Another special form is the hobby lathe, which is usually made in small dimensions so that it can be easily placed on a workbench. It is often equipped with a lead screw so that threads can also be produced. Their construction is of simple quality in line with the price, which also explains that the turning results rarely come close to those of professional machines. However, it is quite suitable for simple filming, as can be seen in the picture.
Lathes in series production
Until more powerful computers found their way into machine tool construction in the 1980s , cam-controlled lathes were one of the key factors in industrial production for over half a century. Functional principle: Instead of the lead and pull spindle, there is usually a control shaft in front of the machine, which executes a maximum of one revolution during the cycle time of a series part. Several exchangeable cam disks sit on this shaft, the shape of which defines the direction of movement of a tool slide. Drilling support, bar feed and clamping are also operated via cams or adjustable cam disks. Setup work is more time-consuming than with modern CNC machines, but in terms of durability, ease of repair and resource savings (no electronics), cam-controlled lathes are still unbeatable today. Simple workpieces in large numbers can still be produced very efficiently.

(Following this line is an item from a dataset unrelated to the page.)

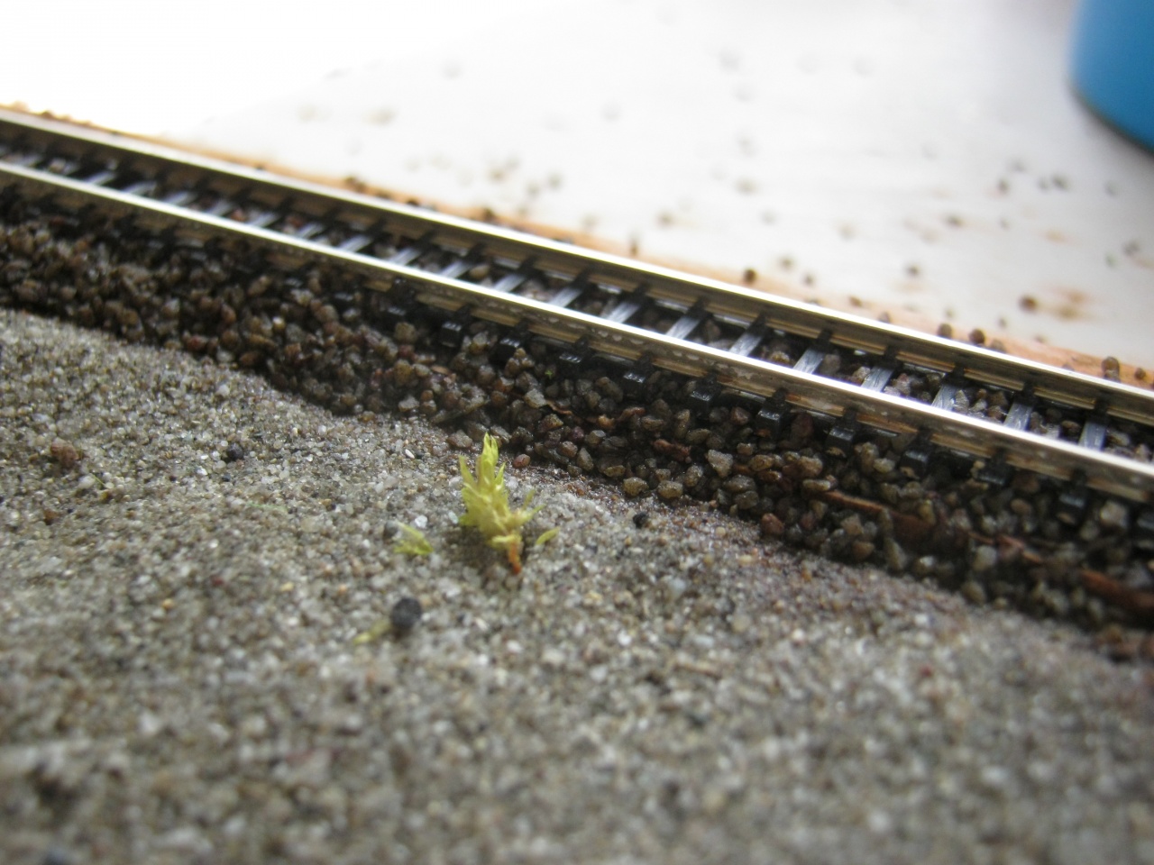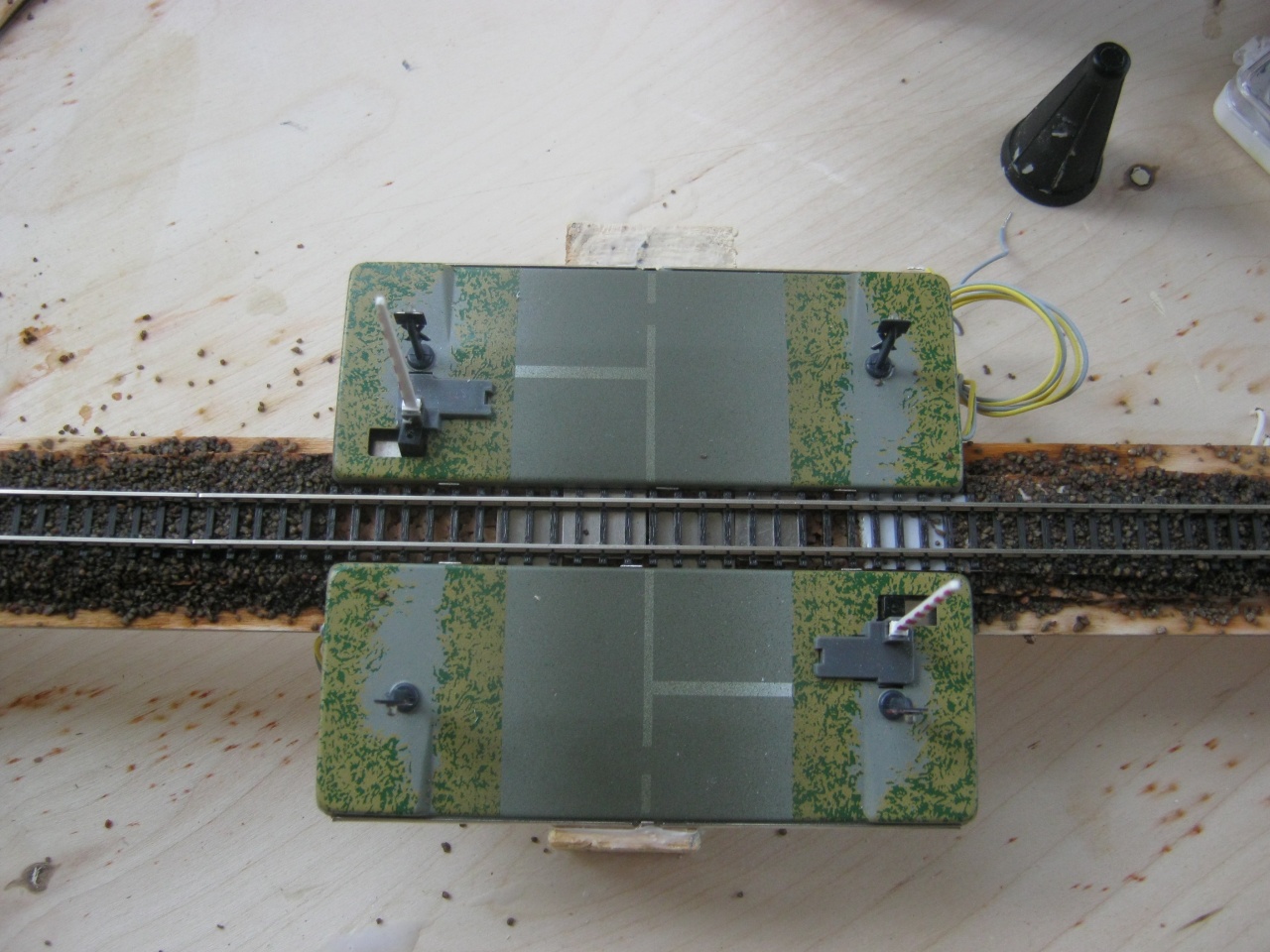 A kapcsolósínek okán keseregtem a Märklin sorompóján, amit be kell építeni. Nos gyári állapotban eléggé lehangoló, és mivel összesen így adják (a dobozon kívül), így a gépkocsivezetők dolga eléggé nehéz lesz, átjutni a síneken, lásd 1739-es képet. A megoldás, a fogpiszkáló, ez a lapos tipusú. Kettő öszeragasztva, és méretre csiszolva, a 1741-es képen. A helyére is került, majd közönséges vízfestékkel be lett festve - okker, fehér, fekete, keverve. Ugye így már kicsit más, a 1745-ös képen?  A festék még szárad, így a hiányzó ágyazatanyag pótlása egy kicsit későbbre marad. |

The short lifespan or small number of products makes it necessary to use flexible manufacturing equipment such as flexible manufacturing cells or flexible manufacturing systems . Existing CNC lathes are provided with various devices for this purpose in order to automate the work processes and at the same time to change the production goods quickly. The situation is different with rigid transfer lines, since the machines here only produce one workpiece for a long time. This means that high flexibility can be dispensed with in favor of throughput time.
Turning cells are suitable for small to large series production and consist of a CNC lathe together with a loading device for workpiece supply and disposal and possibly a transport system. In the simplest case, this is a bar feeder which, after machining a workpiece, releases a three-meter or six-meter bar of material and advances it by a defined amount as a blank for the next workpiece from the spindle bore. In mass production, the lathes often have several spindles and independently operating tool turrets. Tool changes and workpiece loading are always fully automatic. They can be linked to other cells to form production lines via a transport system.
A turning system is used when, in addition to an automatic workpiece change system and the tool turrets , the tools themselves and possibly also the clamping devices or the measuring devices can be changed automatically. Such highly flexible machines can sometimes run unmanned without a machine operator.